この使い方はalt属性に代替テキストとして記述する内容と、ddにキャプションとして記述する内容が被ってしまいがちになるので、音声ブラウザ等で読み上げた時のことも配慮して慎重にaltとddに入れる文章を考える必要があります。またHTML5ではこのような画像とキャプションを使う場合にはfigure要素figurecaption要素というものが用意されています。将来的にHTML5に移行していくと、dl,dt,ddを使った画像とキャプションをマークアップするやり方は無くなると思われます。

<address>要素の使い方

<address>要素はその名の通りアドレスをマークアップするための要素です。具体的にはメールアドレスや住所、電話番号といったものになります。

<dl>
<dt>住所</dt>
<dd>
<address>東京都新宿区新大久保◯-×-△△</address>
</dd>
<dt>電話番号</dt>
<dd>
<address>03-****-****</address>
</dd>
</dl>

上の例では定義型リストの中に書きましたが、必ずこのように書く必要はありません。下のような書き方でも良いでしょう。

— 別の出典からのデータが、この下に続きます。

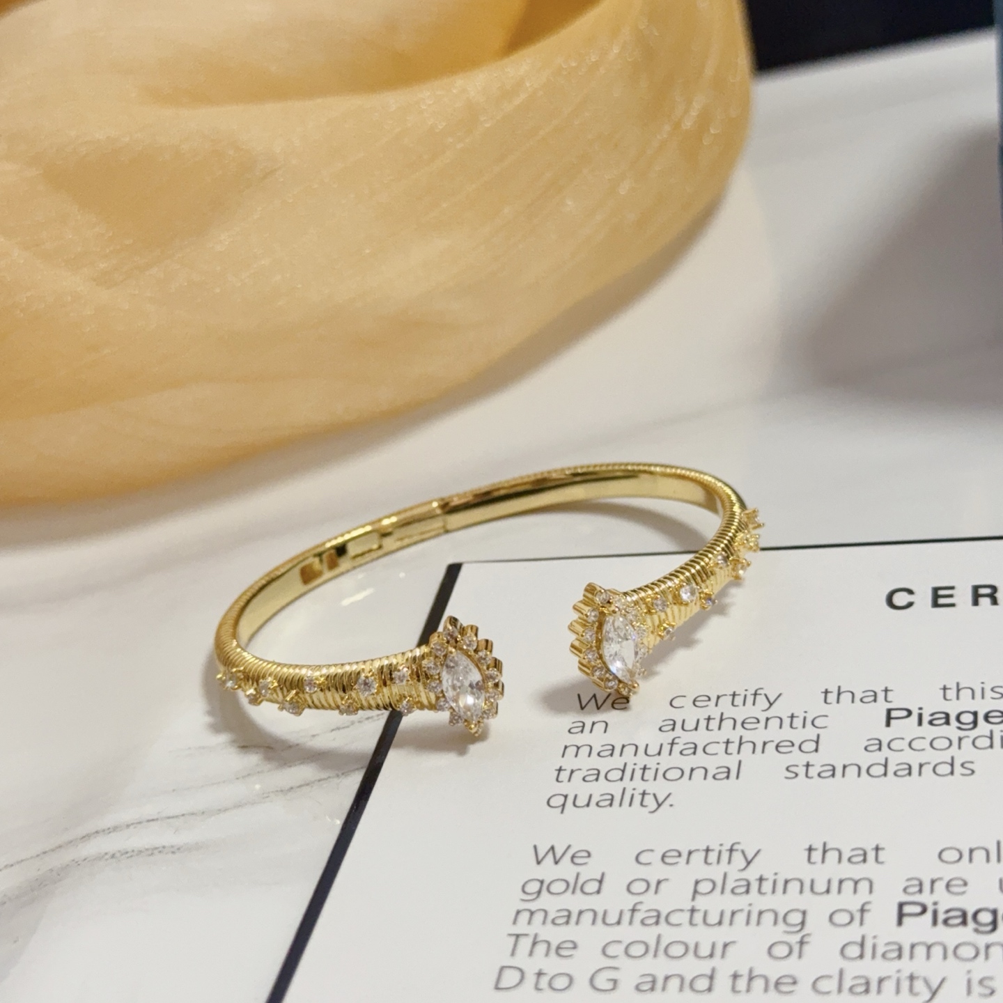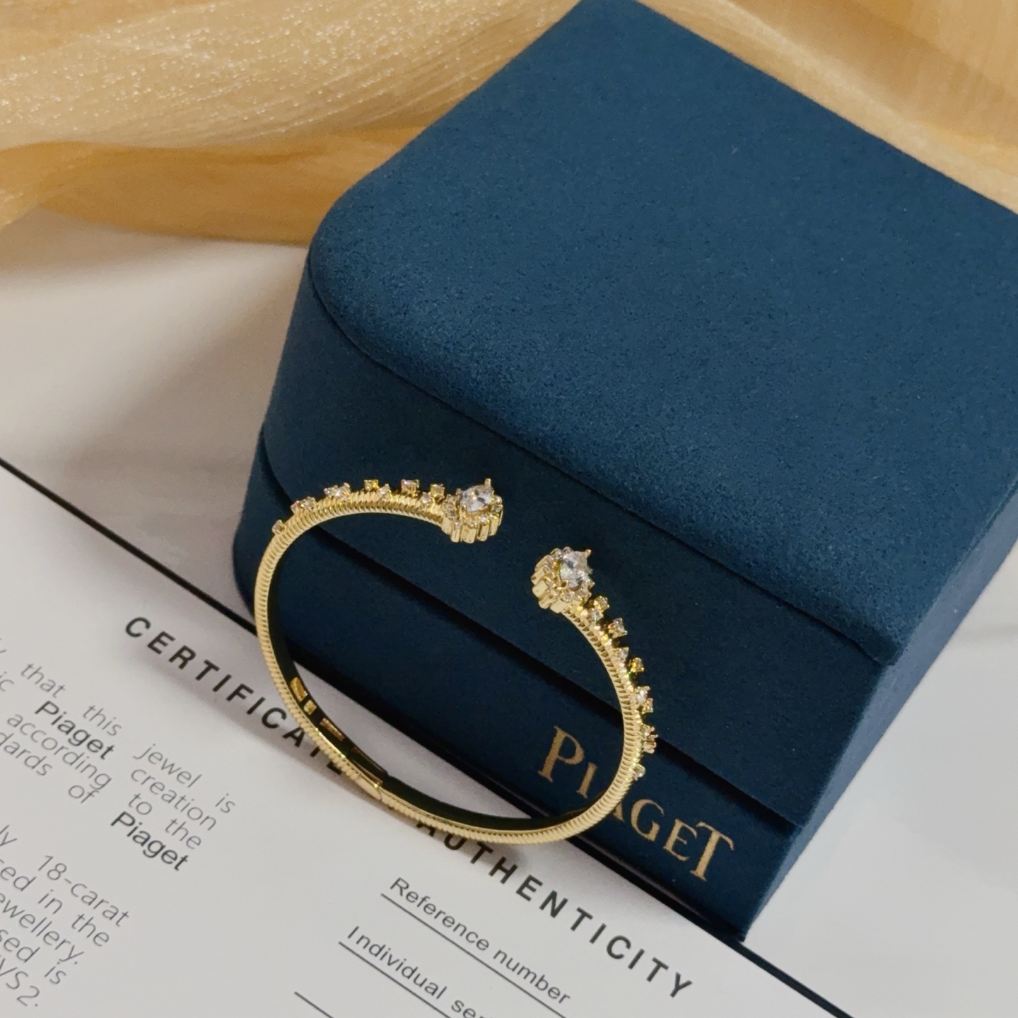 这款首饰是AAAAA 1:1 质量 (非常棒). 使用了和原版一模一样的材料. 商标部分也保持了和伯爵/Piaget一样. 图片拍摄是实物首饰拍摄, 您所收到的实物保证和我们图片一模一样.
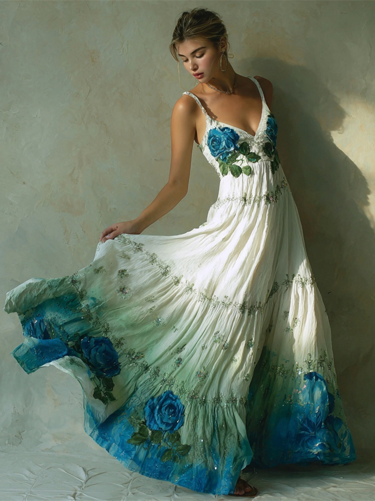 Elegant Boho Floral Gradient Embroidery Women's Spaghetti Strap Maxi Dress
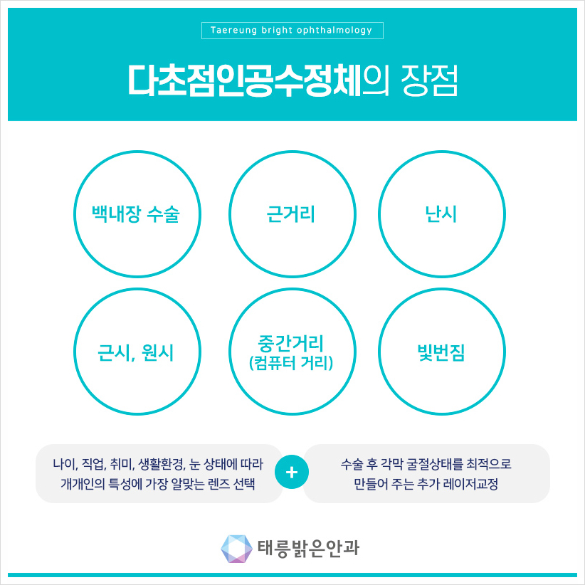 많은 인공수정체가 있지만 그 중에서도 저에게 잘 맞는 인공수정체를 선택하는 것은 매우 중요합니다. 정밀검사와 의료진의 진료 후 인공수정체를 선택하게 되는데, 여기서 가장 중요한 것은 생활습관에 따른 인공수정체를 선택하는 것입니다. 인공수정체는 크고 먼 거리가 잘 보이는 단초점, 먼 거리, 중간 거리가 잘 보이는 연속초점, 먼 거리, 중간 거리, 가까운 거리가 잘 보이는 3중 초점으로 나뉩니다.이처럼 다양한 인공수정체 중 개인의 눈 상태는 물론 나이, 직업, 취미, 생활습관 등을 고려하여 노원백내장 수술을 시행할 때 자신에게 맞는 맞춤형 인공수정체를 착용해야만 수술 후 높은 만족도를 얻을 수 있습니다.
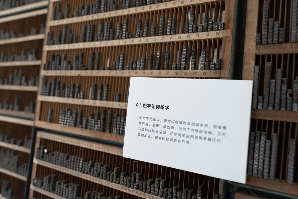 展場內最能吸引目光的,當屬前後疊放共計五層,底下安裝軌道滑輪的大型鉛字架,以及鉛字架上密密麻麻,已經「洗盡鉛華」的上萬枚鉛字。其次,可以見到謝先生承印過的各式名片、請柬、喜帖、學校表單、學生手冊樣本或成品,以及當年使用的工作桌、角鋼架、排版材料盤、檢字盒、組版盤、墨刀、棉線、木製行條、空鉛、流水號碼機等等活版印刷工具。再者,則是一部電動圓盤印刷機,適用於印製尺寸較小、印量較少的物件。展場內的另一項重要文物,乃是大正五年(1916)出廠,謝先生於1987年購入的平臺式印刷機(活版車),可以印製大尺寸物件,並搭配號碼機印製標示流水號的表單。這部超過百年的印刷機,通電後仍可正常運作,如今靜止的機臺上仍有未印製完成的半成品,彷彿將活版印刷產業曾經輝煌的時光,凍結在那一瞬間。
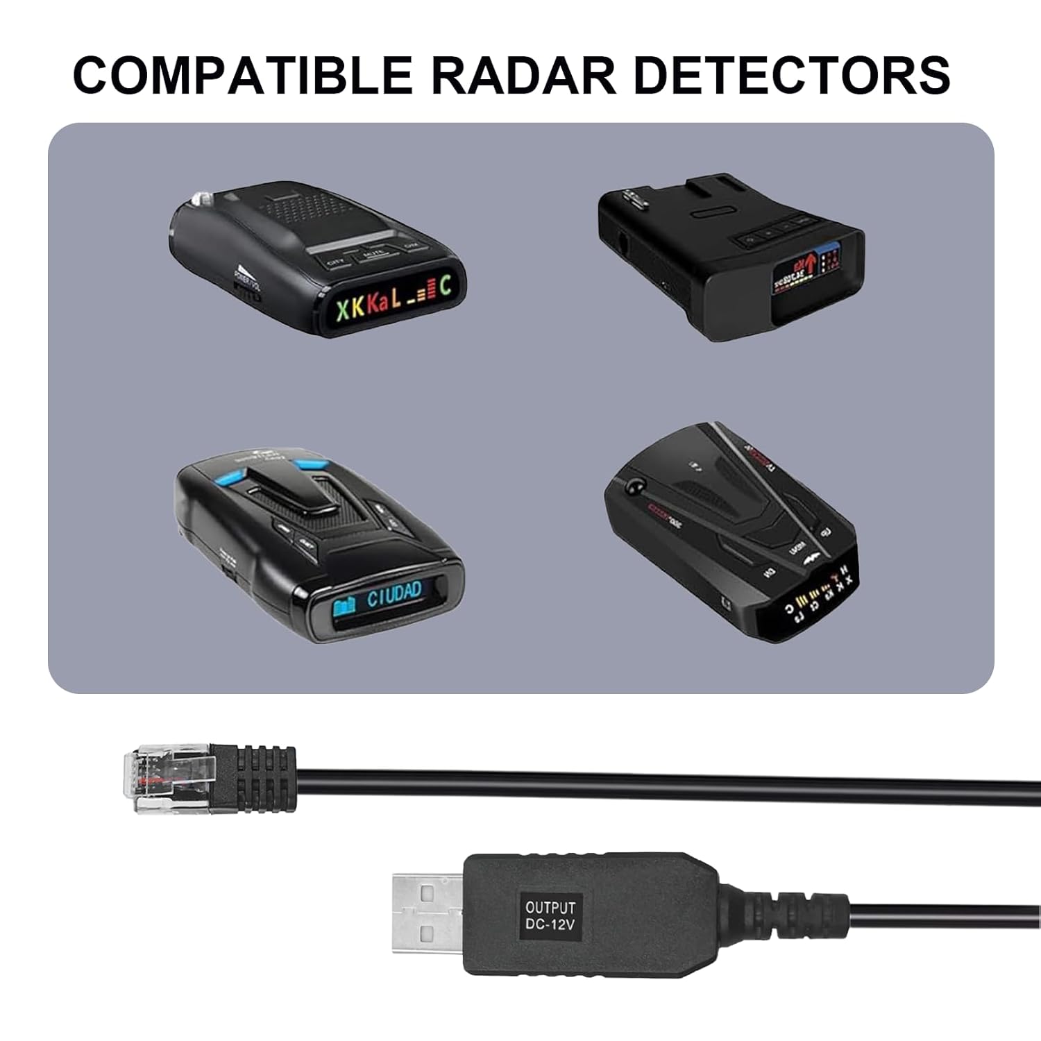 Radar Detector Cable for Escort Passport 9500ix, Beltronics, Uniden R1 R3 R7, USB to RJ11 Plug Cable 5Ft
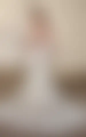 Fit-n-Flare gown with ivory lace and sequins over champagne tulle, sand stretchy lining, champagne-skin illusion neck and back, skin illusion long sleeves, buttons to end of train.
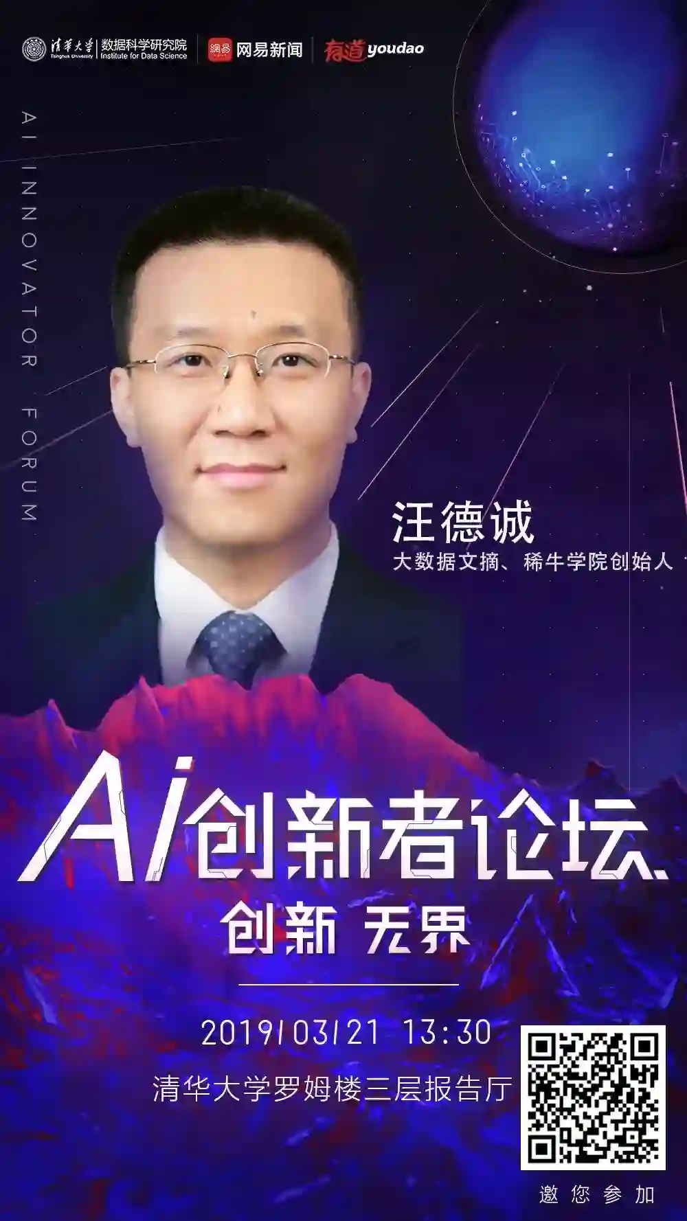 由清华数据院、网易新闻、网易有道联合筹办的“中国AI创新者论坛”将于3月21日下午在清华大学罗姆楼三层报告厅举办。
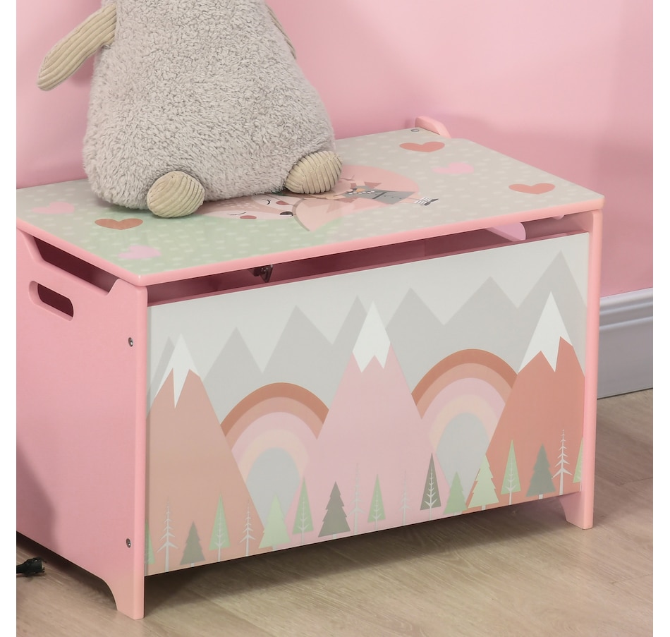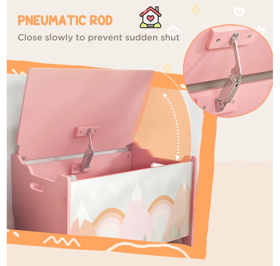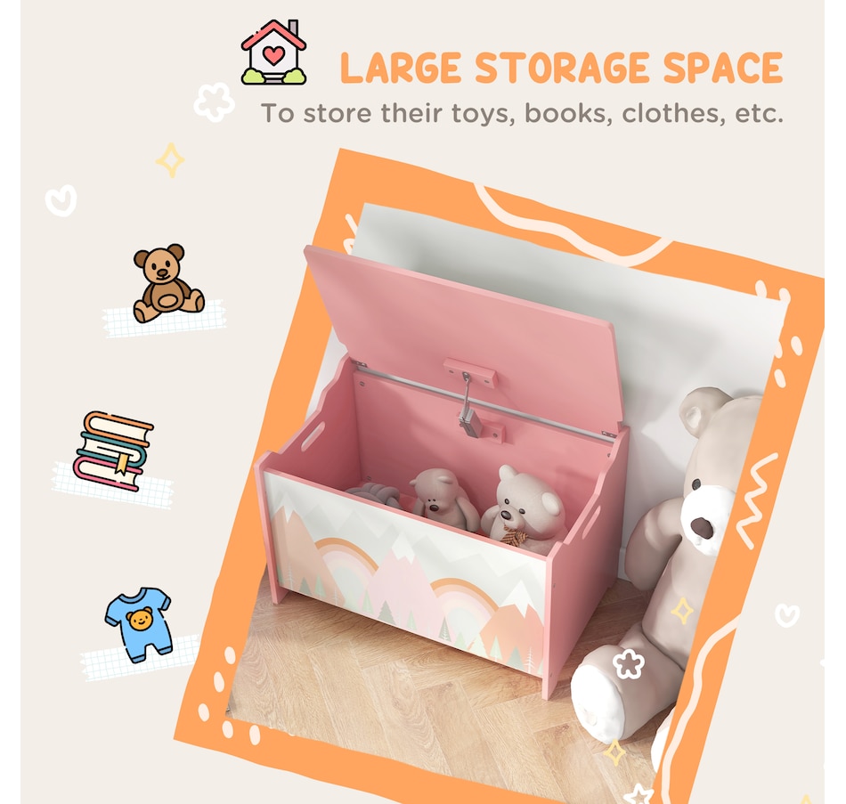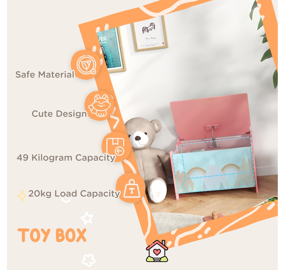 This Qaba storage box offers spacious storage to easily organize kids' toys, books, and clothes, helping keep the room neat and clutter-free. It supports up to 44 lb (20kg) and features a painted and printed finish that adds both durability and charm. The safety hinge design prevents the lid from slamming shut, protecting little fingers during everyday use. A practical and stylish storage solution for the living room, playroom, nursery, bedroom, and moreFeatures:

<address>住所:東京都新宿区新大久保◯-×-△△
電話番号:03-****-××××</address>

Copyright表記を<address>で囲っているサイトが良くありますが、連絡先をマークアップするためのものが
<address>要素ですから、純粋な意味での連絡先ではないCopyright部分は<address>でマークアップするべきではありません。